Book Review

Old Possums’s Book of Practical Cats

By Denebola
Published: March 2008

By Amy Richard

When asked to write about a book of poetry, I instantly thought of my favorite book, T.S. Eliot’s Old Possum’s Book of Practical Cats.
I was initially introduced to these poems through the Broadway musical, Cats, which is based on Eliot’s collection of poems. After enjoying the melodic drama on stage, I went straight to the source.
The book begins with some practical information about the naming of cats and continues to describe how a cat has three names: an everyday family name, a particular name, and then a name that only the cat knows and will not reveal.
Eliot sarcastically illustrates the pickiness, secretiveness, and unusual habits of cats, citing specific ones with examples. My favorite is Mr. Mistoffelees because he reminds me of my own cat and all the trouble she gets into.
Mr.

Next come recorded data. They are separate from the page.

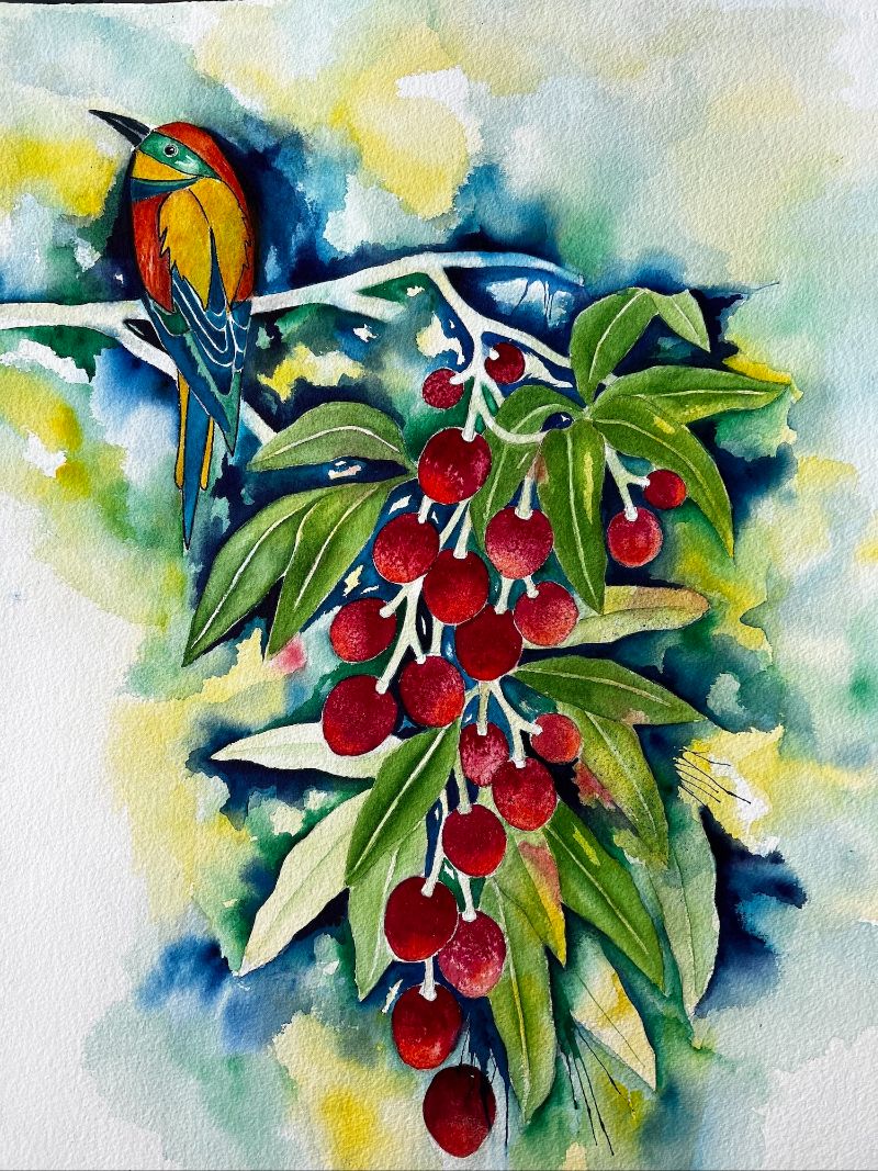 "Lychee for Dinner," by Jennifer Aki. Image courtesy of Hawaiʻi Watercolor Society and the artist. Please do not use without credit.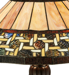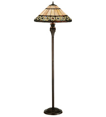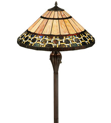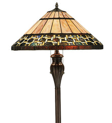 Named for the Greek word for light; Ilona will stir conversations among family and friends with a dramatic Honey and Beige colored knotwork design on Wispy Blue/Green Rippled glass. The lamp shade's background includes Beige; Mauve and Purple art glass while Root Beer colored glass borders enhance the beauty of this exquisite art glass shade; which is created using Meyda Tiffany's famous copperfoil construction process. The floor base is finished in a warm Mahogany Bronze.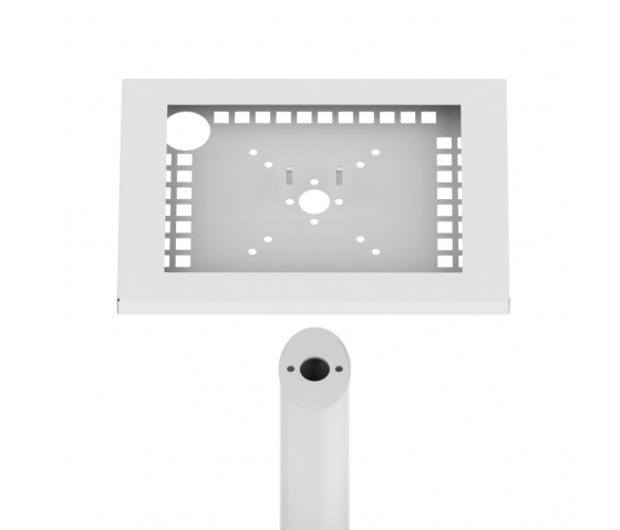 Tablet floor stand with universal tablet enclosure, suitable for all tablets within the indicated size range. The tablet holder is lockable with 2 screws and for extra safety you can add a key-lock. The tablet holder is mounted on the pedestal with a comfortable viewing angle of 45 degrees.

Mistoffelees is “The Original Conjuring Cat and gets into all sorts of trouble without anyone being the wiser. My favorite passage from this poem describes Mr. Mistoffelees’s ability to creep around anywhere and decieve his family about his whereabouts and activities.
Eliot ends his collection with a poem titled, “The Ad-dressing of Cats, which describes the peculiar nature of cats and their characters. He explains that cats are not like dogs because they need to be treated with respect and should be addressed by their names.
In a world where poetry focuses on generally serious topics, Eliot finds the humor in the daily life of cats. Through his poetry, he explores, contrary to popular opinion, the lively and often incredible lives that cats might live outside of their constant sleeping and grooming.